Onun ölümünün üzerinden henüz bir yıl gibi kısa sayılan bir süre geçmişken, halkın çeşitli kesimlerinin, öncelikle de sanatçı ve aydınlarımızın, ona bu denli sıcak ve saygın bir ilgiyle sahip çıkmaları hiç kuşkusuz son derece kıvanç verici bir durumdur. Çeşitli Medya birimlerinde, yayın ve konuşmalarda sık sık anıldığına, farklı yorum ve değerlendirmelerin yapıldığına mutlulukla tanık olmaktayız. Ortaya çıkan yaklaşımların tutarlı ya da tutarsız olması bir yana, ona sahip çıkılması, onun yaşatılması daha da önemli bizce. Nasıl olsa bu süreç işleyecek, yakın bir gelecekte o da hakkı olan yeri, konumu ve değeri bulacaktır.
Kimileri onu dar-milliyetçi duyarlıklarla, kimileri siyasal ve ideolojik nitelemelerle, kimileri de sadece bir Alevi inananı olarak onu değerlendirmeye çalışmakta. Bütünsel ve objektif bir bakış yerine, onu, çok defa kendi motivasyon ve yeğlemelerinin etkisinde kalarak onu, arzu ettiği bir yere koyup görmek istemekte. Özcesi herkes kendi Mahsuni’sini kurgulamakta, onu kendi gönlündeki yere oturtma çabasında. Ne ki birer birer bunlardan hiçbiri Mahsuni’yi tamı tamına olması gereken yere oturtmaya, onun tarihsel ve toplumsal yerini, sanat ve kavgasını belirlemeye yetmemektedir.

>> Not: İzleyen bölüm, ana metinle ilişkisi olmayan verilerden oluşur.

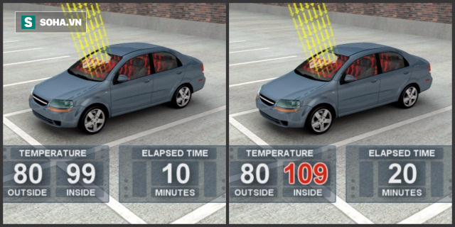 Để xe 10 phút dưới cái nóng 27 độ, trong xe sẽ nóng 37 độ. Thêm 10 phút nữa, nhiệt độ trong xe sẽ là 42 độ. Còn trên 90 phút thì cái nóng là 60 độ C.
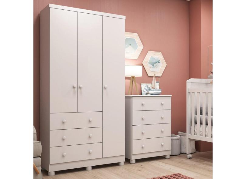 O menor preço encontrado no Brasil para Quarto Infantil Guarda Roupas 3 Portas Cômoda 4 Gavetas Mimo 100% mdf Espresso Móveis Branco Brilho atualmente é R$ 887,76.
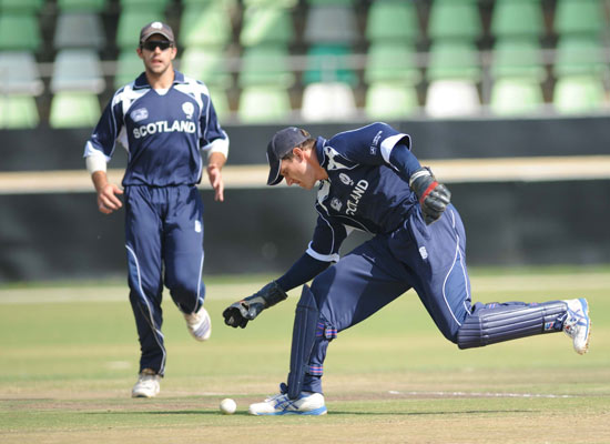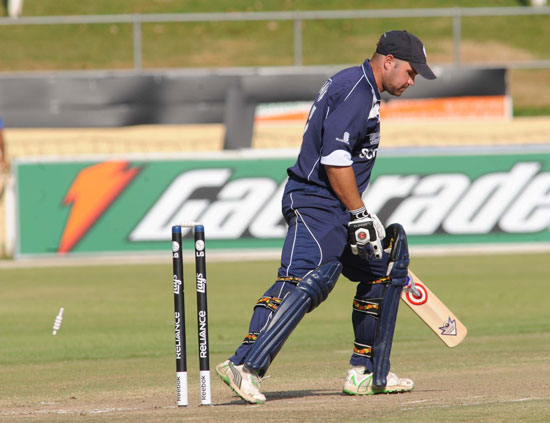 - Scotland captain, Ryan Watson, on his way to a disappointing 14 runs.
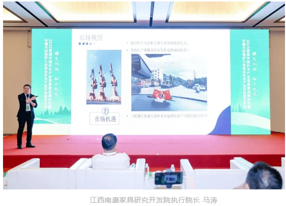 江西南康家具研究开发院执行院长 马涛做了《基于目前香杉木市场应用与未来家居发展趋势》的主题报告。马院长介绍了香杉木现状,从具体的案例入手,解析了市场现状,并分析了未来家居产业发展趋势。
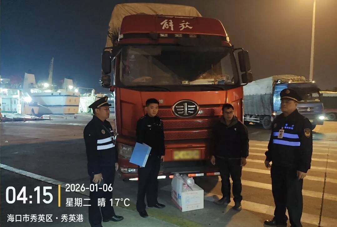 商报全媒体讯(椰网/海拔新闻记者 李兴民 通讯员 周海燕 摄影报道)2026年1月7日,海南省禁塑执法攻坚小组(以下简称:“攻坚小组”)再传捷报,继1月4日查获线上线下联动销售违禁塑料制品案件后,1月6日至7日凌晨,攻坚小组联合多部门跨区域作战,在秀英港、新海港先后查获3辆违规运输违禁塑料制品车辆,查扣违禁塑料制品约3000箱,持续筑牢海南禁塑“防线”。
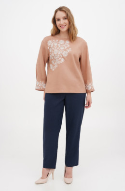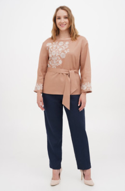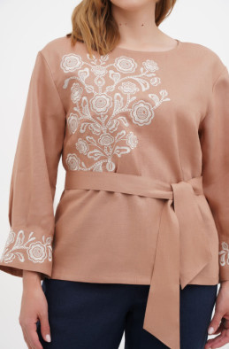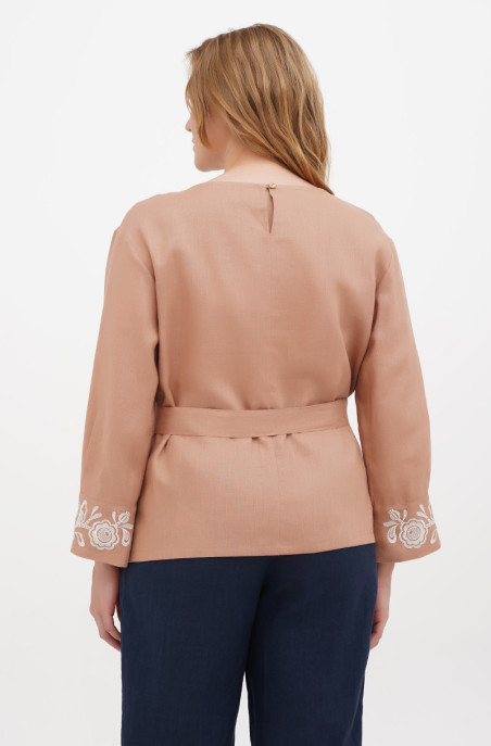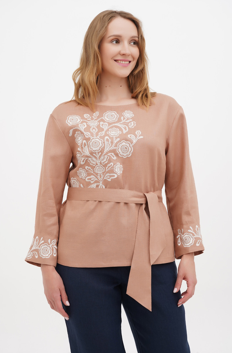 The soft linen blouse with embroidery. It has one button on the back. It looks good with wide belt.
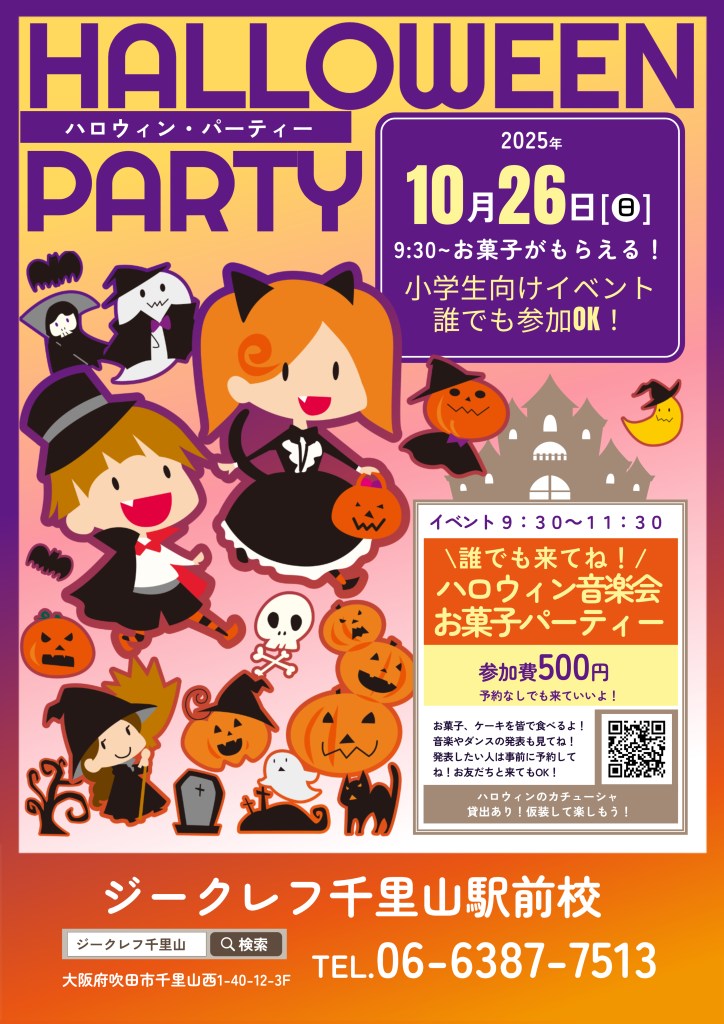 千里山駅前スタジオで、ハロウィンパーティーを開催します♪
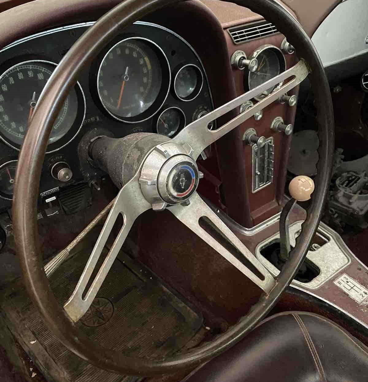 The interior is one of the car’s better features, since everything is still there, including one of those cool vertical radios only seen in Corvettes. The car was very well-equipped—the telescoping steering wheel is a rarely seen feature. The seats are torn up, but again not aggressively awful. Everything’s filthy—it’s a true barn find.
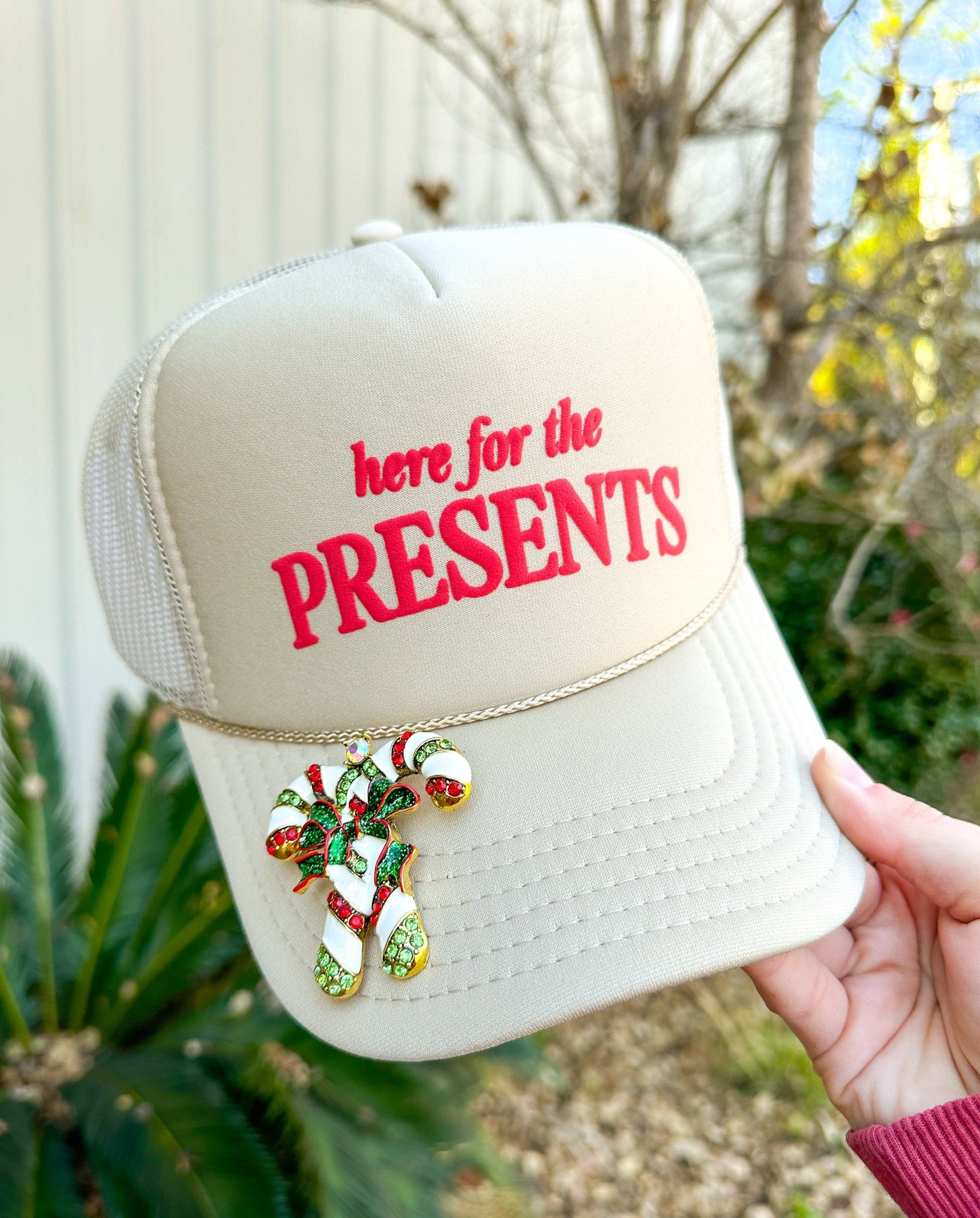 Make your holiday intentions crystal clear with our Here for the Presents tan foam trucker hat. Featuring bold red lettering on a neutral tan backdrop, this festive favorite is all about bringing the cheer (and unwrapping it). The playful look is elevated with an optional green-and-gold chain across the brim and a candy cane pin for extra holiday sparkle. Lightweight, breathable, and finished with an adjustable snapback for the perfect fit, it’s your go-to accessory for Christmas parties, gift swaps, and festive photo ops.
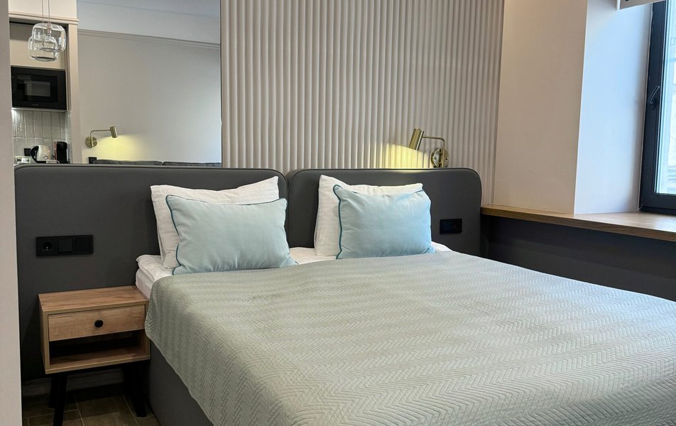 Гостей ожидает полный спектр удобств: кондиционер и современная система вентиляции, Smart TV и высокоскоростной Wi-Fi. Предусмотрено удаленное заселение, а безопасность обеспечивается видеонаблюдением и охраной. Высококачественная шумоизоляция и теплый пол создают уютную атмосферу.
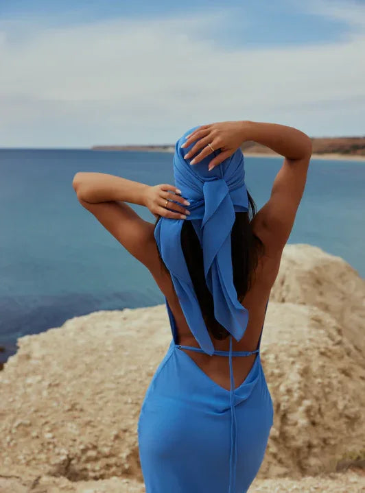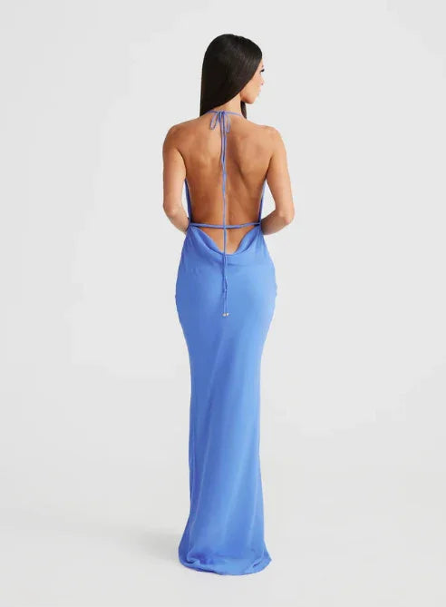 The Lopez dress is a MELANI The Label design made from lightweight, ethereal chiffon with a bias cut for a smooth, flattering silhouette. It features a timeless, plunging cowl neckline at the front and a dramatic, open backless design. The fully lined, midi-length dress is designed for a sophisticated and elegant look, capturing a blend of classic allure and modern style, often incorporating features like self-tie strings for the back or adjustable strap.

Konunun çok iyi bir biçimde araştırılıp incelenmesi gerek. Bunun için de henüz zaman erken. Önemli olan herkesin, hepimizin ona sahip çıkması, onu yaşatmaya çalışması. Yoksa Alevi ozanlar geleneği nasıl sürer, aydınlanma, ilerleme ve çağdaşlık süreği nasıl yürür!
Ölümünün birinci yılında O’nu saygıyla anıyoruz.